I headed upstream from Garden of Eden to check the granite boulders for dipper. I was further appalled at all the graffiti on rocks and logs. It seemed far from the favored pristine rivers that the dipper preferred. And I did not find any dippers upstream from Garden of Eden.

What makes someone come to the San Lorenzo and spray paint a rock, I will never know! No wonder I didn’t find dipper on this stretch of the river.

When I returned to the main beach a young man was wiping graffitti off a sign post that no longer contained a sign. I’m sure the sign said, “Don’t Litter” or “Respect The Trees, Dippers, and Rocks!” or “Save the Painting For Sketchbooks and Canvas!” Turns out he was an interpretive ranger from Henry Cowell State Park who comes to Garden of Eden, before his shift, to clean up the beach. I asked about beach clean-ups and he told me that when litter is removed, there is more to replace it on the following days. Shameful!!

I returned to the railroad and hiked downstream towards Coon Gulch. I paused at the osprey nest where both adults were perched near the nest, indicating that there might be chicks hidden in the deep nest.

A view of the osprey nest and the two adults from below on the banks of the San Lorenzo. I did a brush-pen sketch of the nest on my journal.

I then headed down the steep mountain goat trail towards the river (this seemed so much easier 30 years ago). The final pitches of the trail had rope tried to trees to aid in the descent. This was a far less accessible part of the river and is not visited as much and seemed a little more “pristine” then upriver.

I traded my hiking boots for river sandals, made sure everything was secure in my dry bag, and I grabbed a hiking stick and headed upstream.

This, to me, is the most scenic and “wild” stretch of the river.

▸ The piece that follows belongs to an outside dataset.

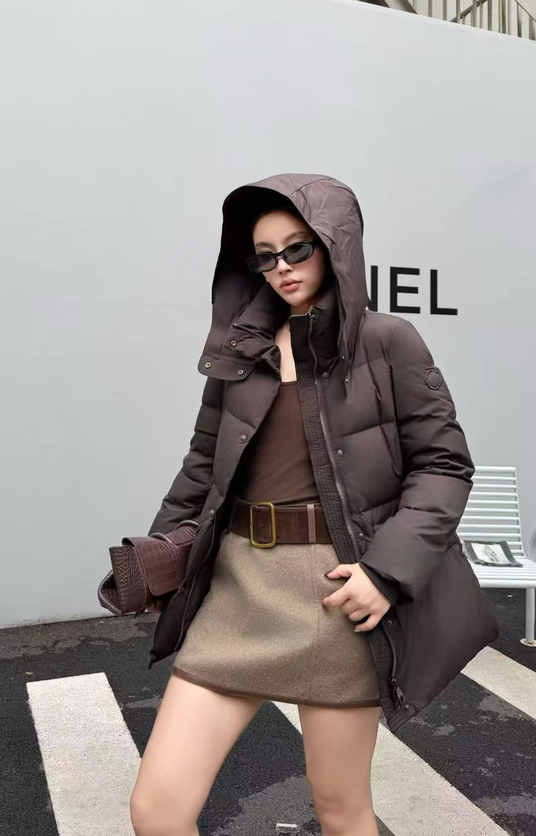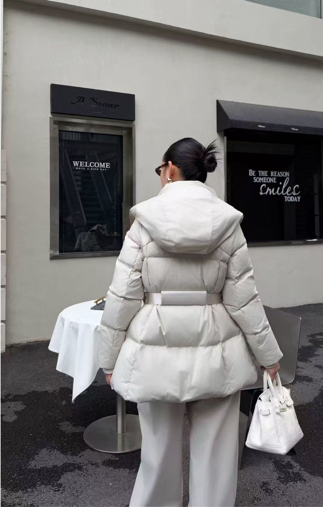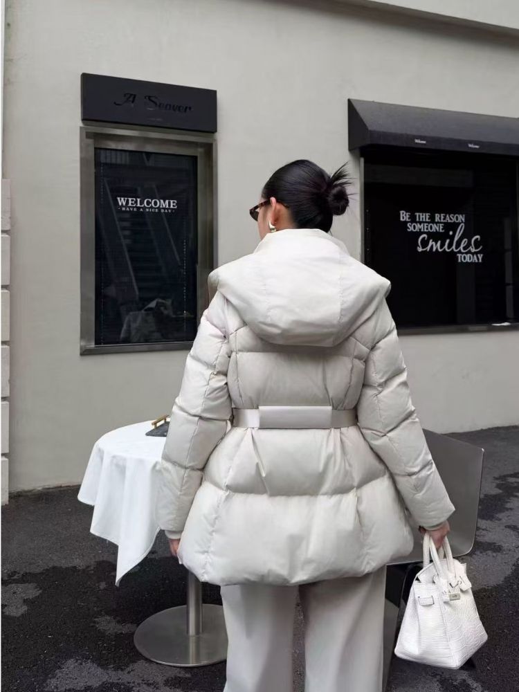 하이넥 디자인이 찬 바람을 완벽히 막아주며, 허리 스트랩 포인트로 슬림한 실루엣을 연출
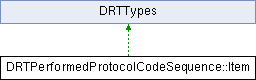 Inheritance diagram for DRTPerformedProtocolCodeSequence::Item:Public Member Functions | |

The stream bed was lined in large granite boulders, perfect foraging perches for the American dipper.

Heading upstream on a beautiful stretch of the river, between Coon Gulch and Garden of Eden. If there was any place on the San Lorenzo that contained dipper, I reckoned this was it.

Progress was slow going as I was hiking in the river, reminiscent of The Narrows in Zion National Park. I had to pick my path through the large boulders often crossing and recrossing the river bed to find the path of least resistance. A bonus was finding a Pacific wren nest built under a fallen Doulas-fir tree that spanned the river.

The river veered to the right and I was in the stretch of river that when viewed from Highway 9 is known as Inspiration Point. I needed some avian inspiration at this point!

The river hike was an adventure in itself but the closer I came to Garden of Eden, I knew the the chances of seeing American dipper on this stretch was diminished. The habitat seemed right but the pollution and semi-turbid waters of the San Lorenzo did not look like the pristine mountain stream that the dipper require.

I have made the journey with no mishaps or injury and as I came in sight of Garden of Eden, which was now full of family groups, I took this time to slip and fall. It’s always good to have an audience. And as Nelson Mandela said, “The greatest glory in living lies not in never falling, but in rising every time we fall.” And so I recovered and stood up again only to see that no one noticed.